(Records from a collection)
[Start of section]

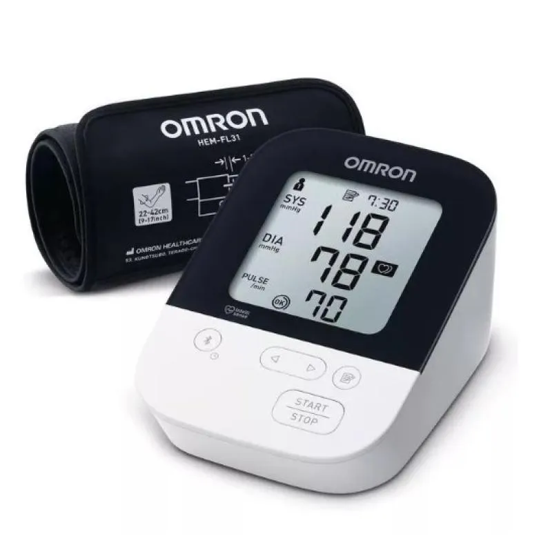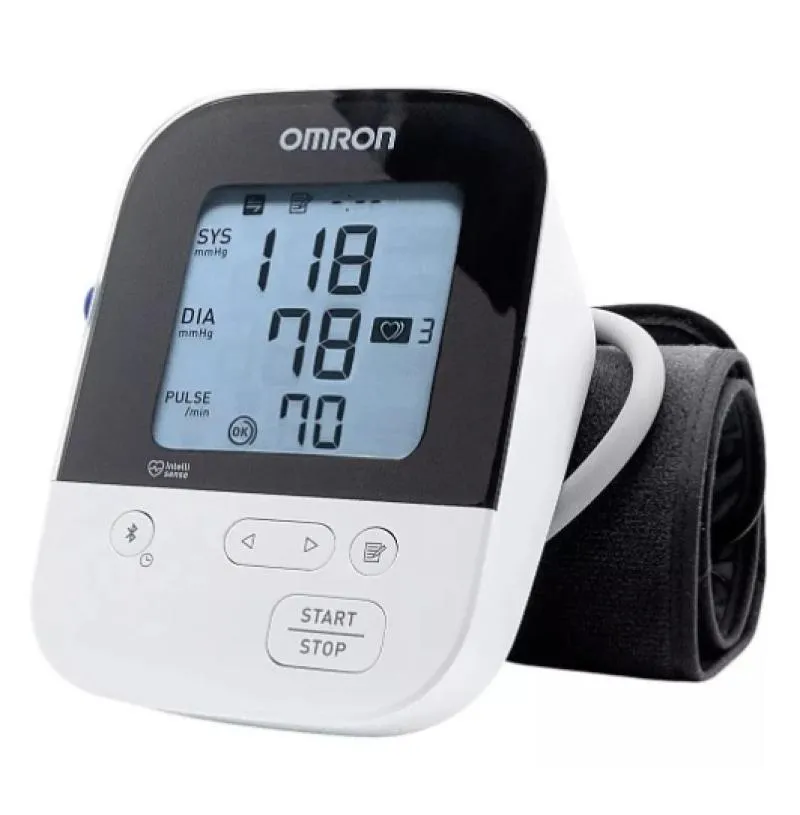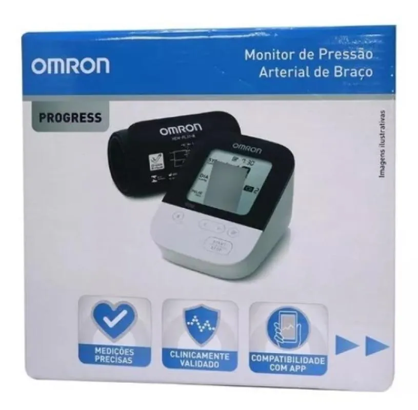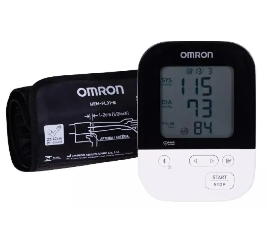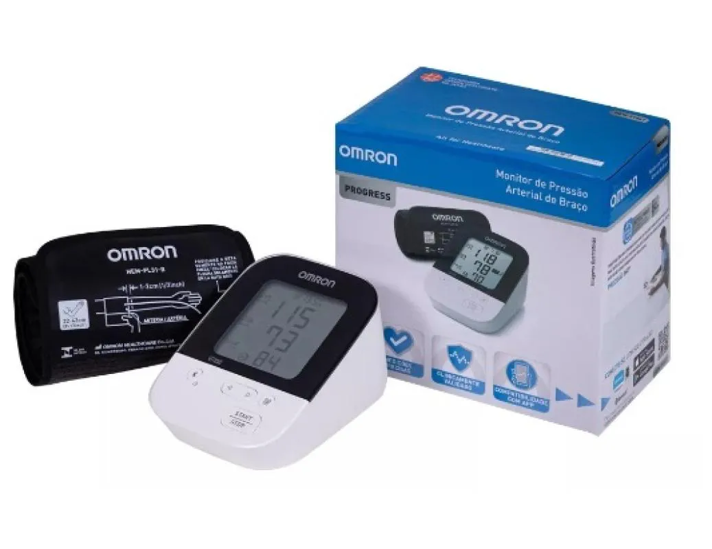Medidor De Pressão Arterial Braço HEM-7156T Omron com leituras precisas e facilidade de uso. Possui conexão Bluetooth e compatibilidade com o OMRON Connect App para armazenamento e compartilhamento de dados de medição. Intelli Wrap Braçadeira Inteligente, facilita a colocação e possui cobertura expandida, inflando ao redor de todo o braço para assegurar leituras acuradas. Inclui detector de batimentos cardíacos irregulares, de movimento corporal, valor médio das últimas leituras, indicador de pressão arterial elevada, guia de aplicação da braçadeira e memória para 60 registros.
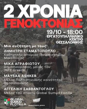 Σε αυτή την κρίσιμη στιγμή που η προσπάθεια αναδιάταξης του χάρτη της Μέσης Ανατολής συμπίπτει με το κλείσιμο ενός μεγάλου κύκλου για την πρωτοβουλία μας, αυτόν της ανθρωπιστικής αποστολής Global Sumud Flotilla, τα ερωτήματα πολλαπλασιάζονται ενώ η στήριξη του αγώνα των Παλαιστινίων για ελευθερία και αξιοπρέπεια παραμένει επιτακτική. Σε αυτά τα πλαίσια, διοργανώνουμε στις 19 Οκτωβρίου και ώρα 18:00 στο Εργατοϋπαλλιλικο Κέντρο Θεσσαλονίκης (Ε.Κ.Θ.) μια εκδήλωση-συζήτηση στη Θεσσαλονίκη, με τίτλο «Παλαιστίνη: 2 χρόνια γενοκτονίας & το διεθνές κίνημα αλληλεγγύης", με ομιλιτές/τριες:
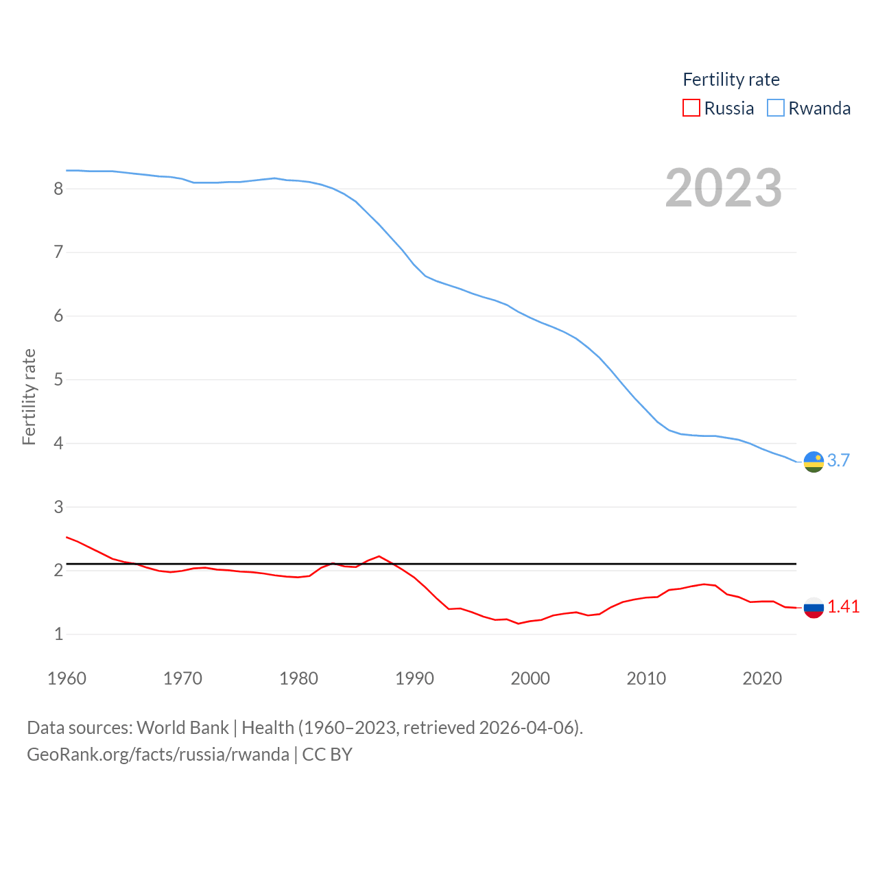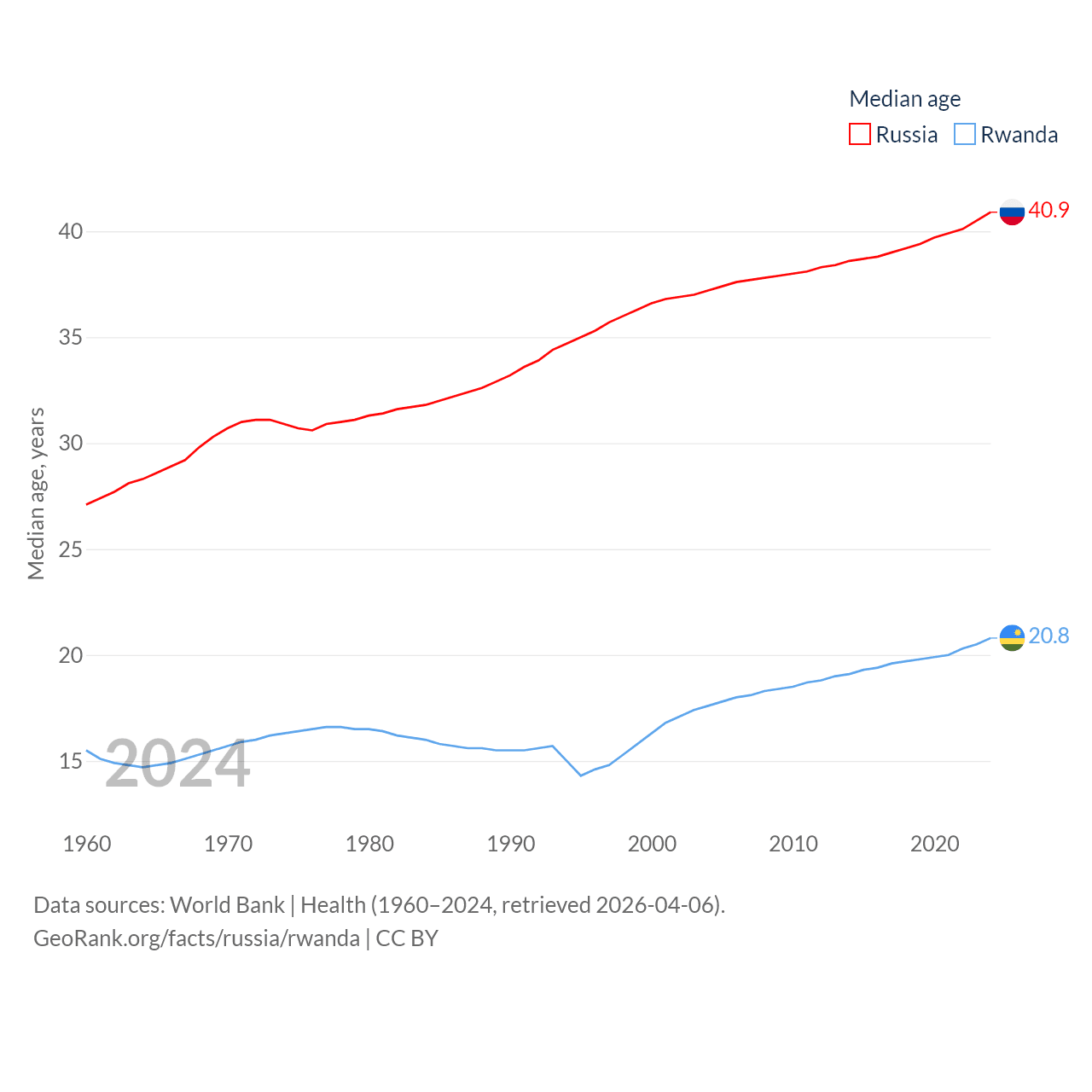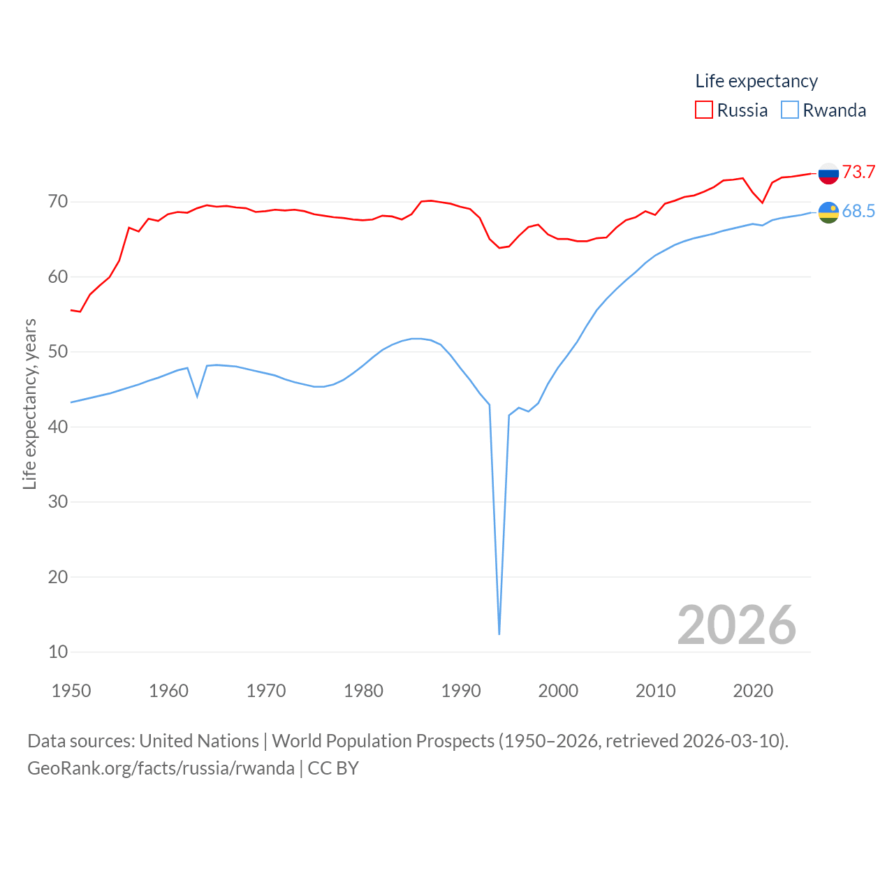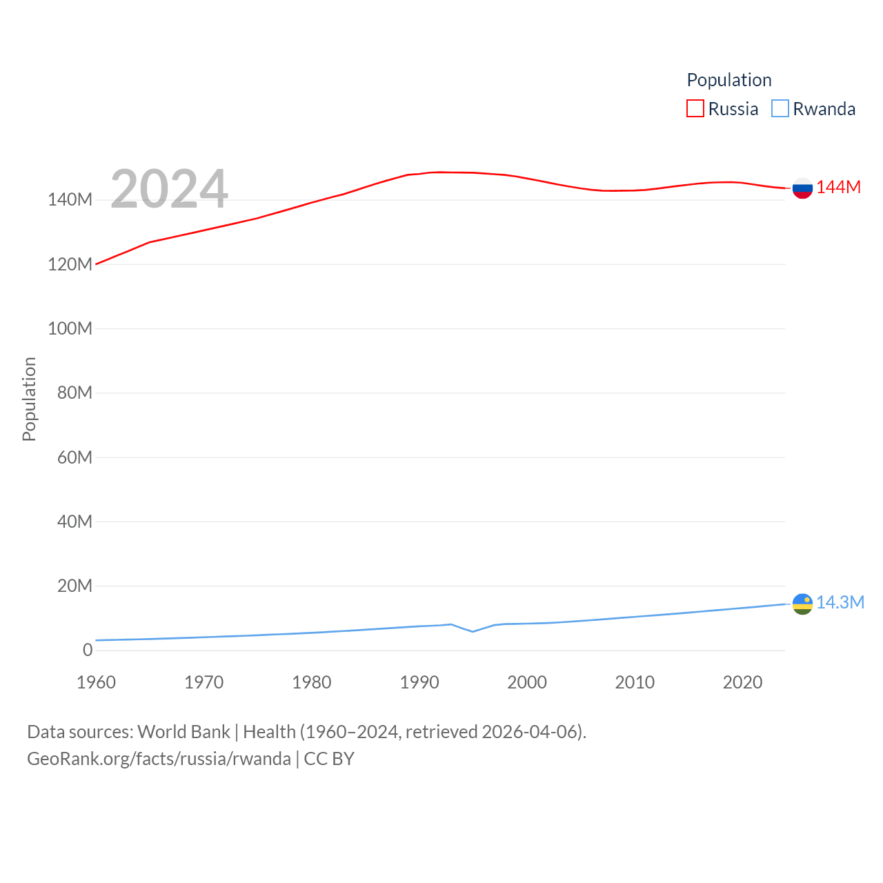 Russia has a population of 144M (ranked 9/197), compared with 14.3M in Rwanda (ranked 77/197). Russia's land area is 6,323,145 sq mi versus 9,525 sq mi for Rwanda (ranked 1st vs. 146th).
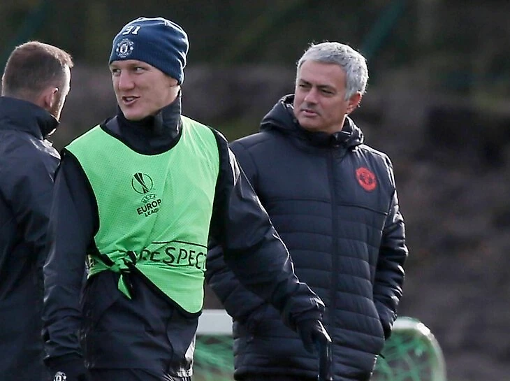 Сообщалось, что Луи ван Гал закрывал глаза на отстраненность игрока от команды и ее интересов – единственным условием голландца было то, что Швайнштайгер должен был возвращаться в Манчестер в дни матчей. Моуринью, получив информацию об отношении Бастиана к клубу, посчитал подобное поведение недопустимым и отстранил игрока от тренировок с основным составом. Жозе на вопросы об отстранении отвечал сухо: «Такое случается в любом клубе мира. Тренер определяет состав, вот и все». «МЮ» планировал отпустить Швайнштайгера бесплатно, чтобы сэкономить на зарплате, но в итоге сезон-2016/17 немец начал в «Юнайтед». «Не говорю, что ему будет невозможно вернуться в состав, но сделать это будет очень трудно. У нас и так есть пять игроков на две позиции – Погба, Феллайни, Кэррик, Шнайдерлин и Эррера», – объяснял Моур.
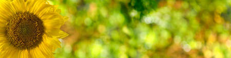 Banner part of sunflower sun against the background of the blue sky
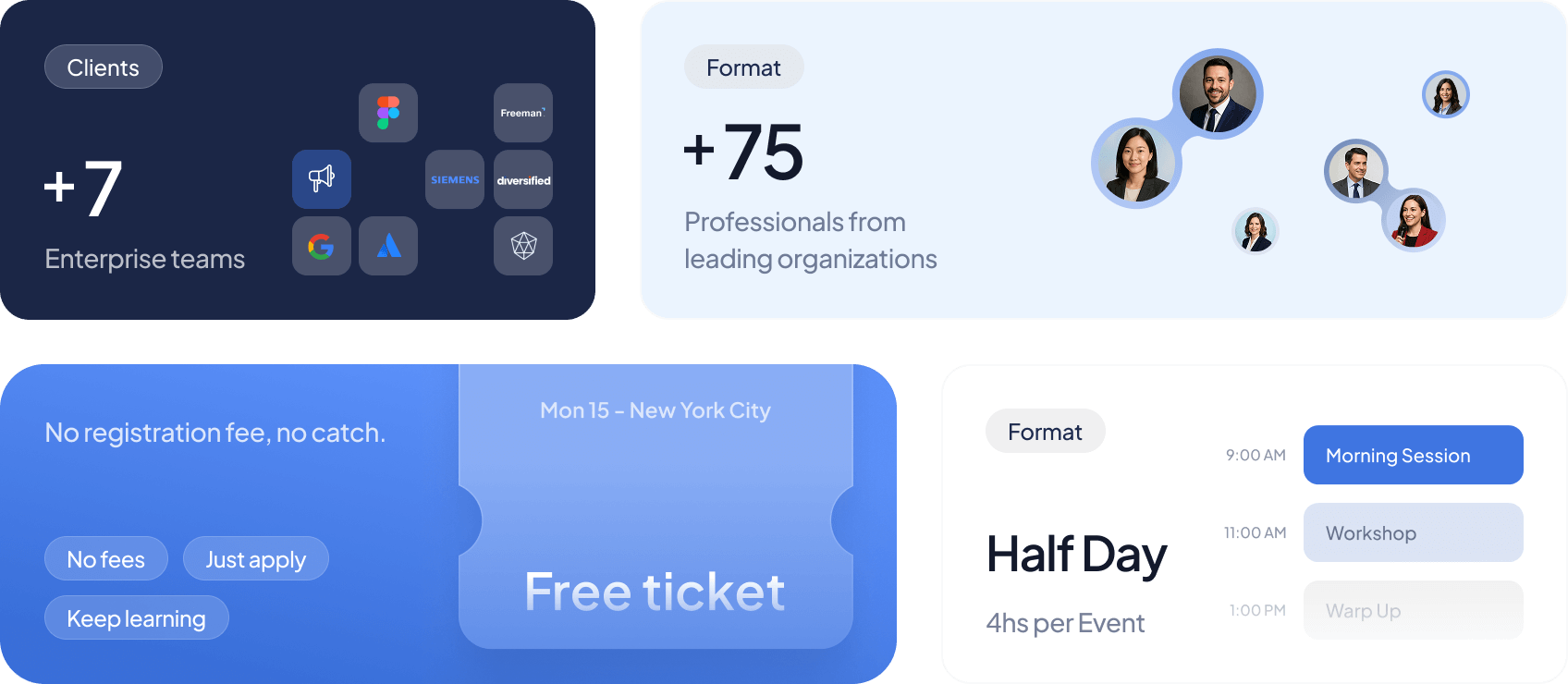 Over 75 professionals from leading organizations have already leveled up. Discover our intensive half-day format and apply for your free ticket to our next session.

[End of section]

Output every record exactly, minus the pictures.

Answer for the task –
Medidor De Pressão Arterial Braço HEM-7156T Omron com leituras precisas e facilidade de uso. Possui conexão Bluetooth e compatibilidade com o OMRON Connect App para armazenamento e compartilhamento de dados de medição. Intelli Wrap Braçadeira Inteligente, facilita a colocação e possui cobertura expandida, inflando ao redor de todo o braço para assegurar leituras acuradas. Inclui detector de batimentos cardíacos irregulares, de movimento corporal, valor médio das últimas leituras, indicador de pressão arterial elevada, guia de aplicação da braçadeira e memória para 60 registros.
 Σε αυτή την κρίσιμη στιγμή που η προσπάθεια αναδιάταξης του χάρτη της Μέσης Ανατολής συμπίπτει με το κλείσιμο ενός μεγάλου κύκλου για την πρωτοβουλία μας, αυτόν της ανθρωπιστικής αποστολής Global Sumud Flotilla, τα ερωτήματα πολλαπλασιάζονται ενώ η στήριξη του αγώνα των Παλαιστινίων για ελευθερία και αξιοπρέπεια παραμένει επιτακτική. Σε αυτά τα πλαίσια, διοργανώνουμε στις 19 Οκτωβρίου και ώρα 18:00 στο Εργατοϋπαλλιλικο Κέντρο Θεσσαλονίκης (Ε.Κ.Θ.) μια εκδήλωση-συζήτηση στη Θεσσαλονίκη, με τίτλο «Παλαιστίνη: 2 χρόνια γενοκτονίας & το διεθνές κίνημα αλληλεγγύης", με ομιλιτές/τριες:
 Russia has a population of 144M (ranked 9/197), compared with 14.3M in Rwanda (ranked 77/197). Russia's land area is 6,323,145 sq mi versus 9,525 sq mi for Rwanda (ranked 1st vs. 146th).
 Сообщалось, что Луи ван Гал закрывал глаза на отстраненность игрока от команды и ее интересов – единственным условием голландца было то, что Швайнштайгер должен был возвращаться в Манчестер в дни матчей. Моуринью, получив информацию об отношении Бастиана к клубу, посчитал подобное поведение недопустимым и отстранил игрока от тренировок с основным составом. Жозе на вопросы об отстранении отвечал сухо: «Такое случается в любом клубе мира. Тренер определяет состав, вот и все». «МЮ» планировал отпустить Швайнштайгера бесплатно, чтобы сэкономить на зарплате, но в итоге сезон-2016/17 немец начал в «Юнайтед». «Не говорю, что ему будет невозможно вернуться в состав, но сделать это будет очень трудно. У нас и так есть пять игроков на две позиции – Погба, Феллайни, Кэррик, Шнайдерлин и Эррера», – объяснял Моур.
 Banner part of sunflower sun against the background of the blue sky
 Over 75 professionals from leading organizations have already leveled up. Discover our intensive half-day format and apply for your free ticket to our next session.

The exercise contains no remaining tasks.